UNICEF: Child Marriage Tied to Poverty & Lack of Education
This week UNICEF released a new report on child marriage as part of the first ever Girls Summit, an event aimed at ending child marriage, forced genital mutilation (FGM), and other practices that harm and disenfranchise women and girls within a generation.
The report finds four countries where buildOn is currently building schools – Burkina Faso, Malawi, Mali and Nepal – among the countries with the highest rates of child marriage. Not surprisingly, UNICEF finds that poverty and lack of education are inextricably linked to the prevalence of child marriage. Practices like this are one of the reasons buildOn has made gender equality a cornerstone of our school building methodology.
Some troubling statistics from the report on the prevalence of child marriage across the developing world:
- Worldwide, more than 700 million women alive today were married before their 18th birthday.
- (Among child brides) more than one in three (about 250 million) entered into union before age 15.
- Of the world’s 1.1 billion girls, 22 million are already married. Hundreds of millions more are at risk, and the number will only grow as populations increase.
The UNICEF report finds dire, lifelong and intergenerational consequences for girls who are forced into child marriages:
- Girls who marry are not only denied their childhood. They are often socially isolated – cut off from family and friends and other sources of support – with limited opportunities for education and employment.
- Child brides are often unable to effectively negotiate safer sex, leaving themselves vulnerable to sexually transmitted infections, including HIV, along with early pregnancy.
- Child brides are also less likely to receive proper medical care while pregnant… This, along with the fact that girls are not physically mature enough to give birth, places both mothers and their babies at risk.
The report shows that the prevalence child marriage goes hand-in-hand with poverty and lack of education:
- There is also a substantial gap in the prevalence of child marriage between the poorest and richest. Females in the poorest quintile are 2.5 times more likely to marry in childhood than those living in the wealthiest quintile.
- Accordingly, lower levels of education are found among women who married in childhood. In Malawi, for instance, nearly two thirds of women with no formal education were child brides compared to 5 per cent of women who attended secondary school or higher levels of education.
Progress is being made, but must be accelerated in order to end child marriage in the coming decades:
- Globally, 1 in 4 young women alive today were married in childhood versus 1 in 3 in the early 1980s.
- The proportion of young women who entered into marriage before age 15 declined from 12 per cent to 8 per cent over the same period.
- Unless progress is accelerated, the global number of child brides will remain at least as high as it is today. If progress is accelerated, there will be 1 in 10 child brides in the world in 2050 compared to 1 in 4 today.
The report concludes: “Ending child marriage will help break the intergenerational cycle of poverty by allowing girls and women to participate more fully in society. Empowered and educated girls are better able to nourish and care for their children, leading to healthier, smaller families. When girls are allowed to be girls, everybody wins.”

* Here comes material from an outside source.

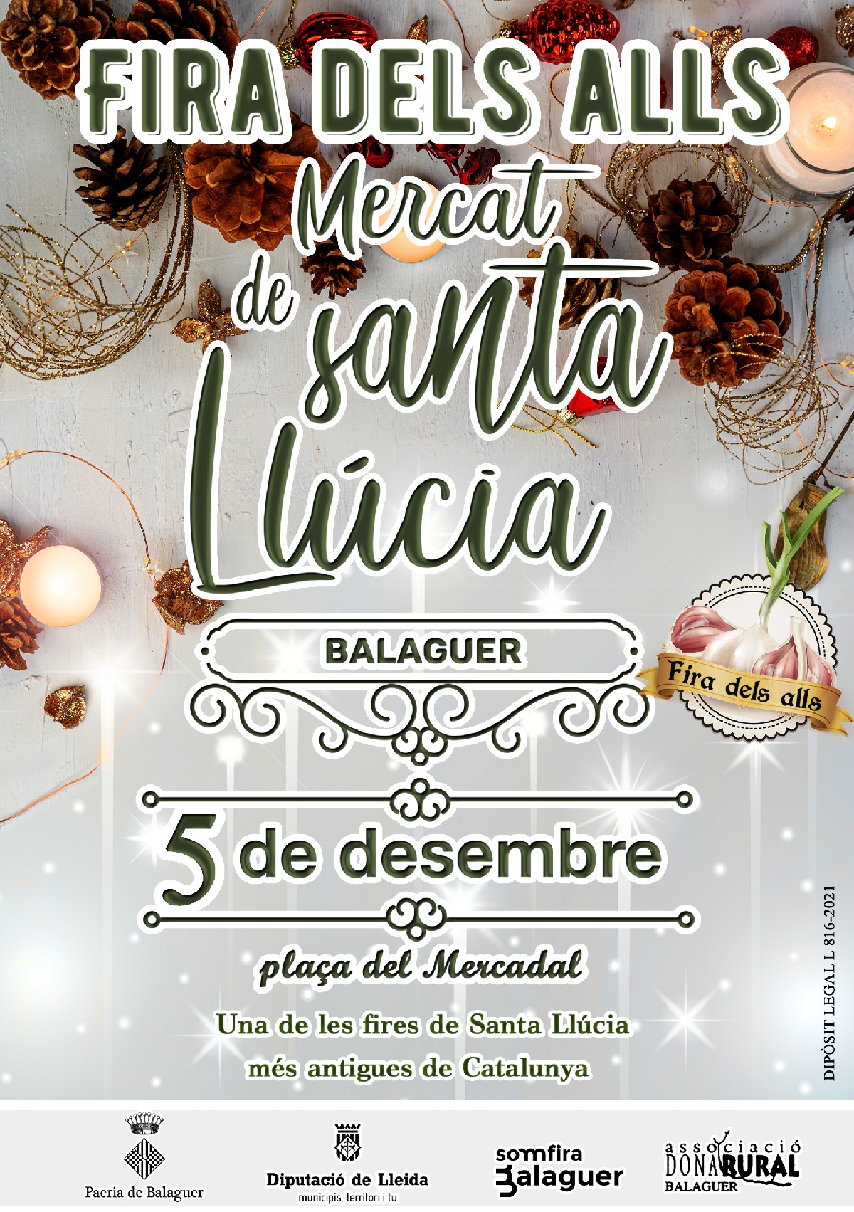 El dia 5 de desembre se celebrarà el mercat nadalenc per excel·lència de la ciutat, la Fira Mercat de Santa Llúcia, una de les fires amb més història i tradició, anomenada també Fira dels Alls tot rememorant el passat històric. Precisament, l'Associació Dona Rural oferirà una mostra de diferents tipus d'alls i també es lliurarà la recepta de la tradicional sopa d'alls, escrita pel divulgador i escriptor gastronòmic Josep M. Morell.

For buildOn gender equality is the cornerstone of our education methodology, and we recognize the power of education to transform the lives of everyone who has access to it. In many of the countries where we work, women are routinely treated as second-class citizens, but from the beginning of each school construction project we champion the rights of women and girls. buildOn emphasizes gender balance in the Project Leadership Committee responsible for leading the school’s construction, on the jobsite, and in the school’s attendance.
As a condition of partnering with buildOn, each village makes a promise to send their daughters to school in equal numbers with their sons. Through this effort buildOn has given women and girls in many rural villages their first opportunity to become educated and contribute meaningfully to their communities. Currently, 50% of students in buildOn’s 600+ schools are female.